Reputation: 408
Suppose I have a matrix H
of size 4 x 4
, and a vector y of size 4 x 1
, I need to get the results of (h'/norm(h, 'fro')) * y
in Python, where h
is the columns of matrix H
and h
' is the transpose of every column of matrix H
. For example in MATLAB I did it straightforwardly as below:
clear all
clc
H = [0.0937 + 1.5453i, -0.1910 - 0.3741i, 1.4420 + 0.6273i, 0.0518 - 0.4653i; ...
0.8537 + 0.9905i, -0.2910 + 0.0131i, 0.2993 - 0.5929i, 0.6426 + 0.4098i;...
0.3722 - 0.3470i, 0.0449 - 0.2985i, -0.7595 - 0.1346i, -1.2782 + 0.1877i; ...
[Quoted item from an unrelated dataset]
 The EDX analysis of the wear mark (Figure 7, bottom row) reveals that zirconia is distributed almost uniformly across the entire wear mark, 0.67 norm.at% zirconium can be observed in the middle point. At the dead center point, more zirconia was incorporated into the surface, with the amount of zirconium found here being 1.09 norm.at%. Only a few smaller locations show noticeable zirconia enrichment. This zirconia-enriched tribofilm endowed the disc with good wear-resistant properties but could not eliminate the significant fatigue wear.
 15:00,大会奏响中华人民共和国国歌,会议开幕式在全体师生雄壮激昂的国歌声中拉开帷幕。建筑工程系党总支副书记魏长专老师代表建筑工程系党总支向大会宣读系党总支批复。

-0.8256 + 0.5255i, -0.5318 - 0.0624i, -0.5467 - 0.4118i, 0.0772 + 0.9888i];
y = [0.1037 + 0.1302i; 0.3676 - 0.0198i; 0.2380 + 0.2824i; 0.0557 - 0.4222i];
re = [];
for ii = 1 : size(H,2)
nn = H(:,ii);
tt = (nn'/norm(nn,'fro') * y)
re = [re tt]
end
But in Python it gives an error! I gave a try as below:
import numpy as np
h = np.array([[0.0937 + 1.5453j, -0.1910 - 0.3741j, 1.4420 + 0.6273j, 0.0518 - 0.4653j],
[0.8537 + 0.9905j, -0.2910 + 0.0131j, 0.2993 - 0.5929j, 0.6426 + 0.4098j],
[0.3722 - 0.3470j, 0.0449 - 0.2985j, -0.7595 - 0.1346j, -1.2782 + 0.1877j],
[-0.8256 + 0.5255j, -0.5318 - 0.0624j, -0.5467 - 0.4118j, 0.0772 + 0.9888j]])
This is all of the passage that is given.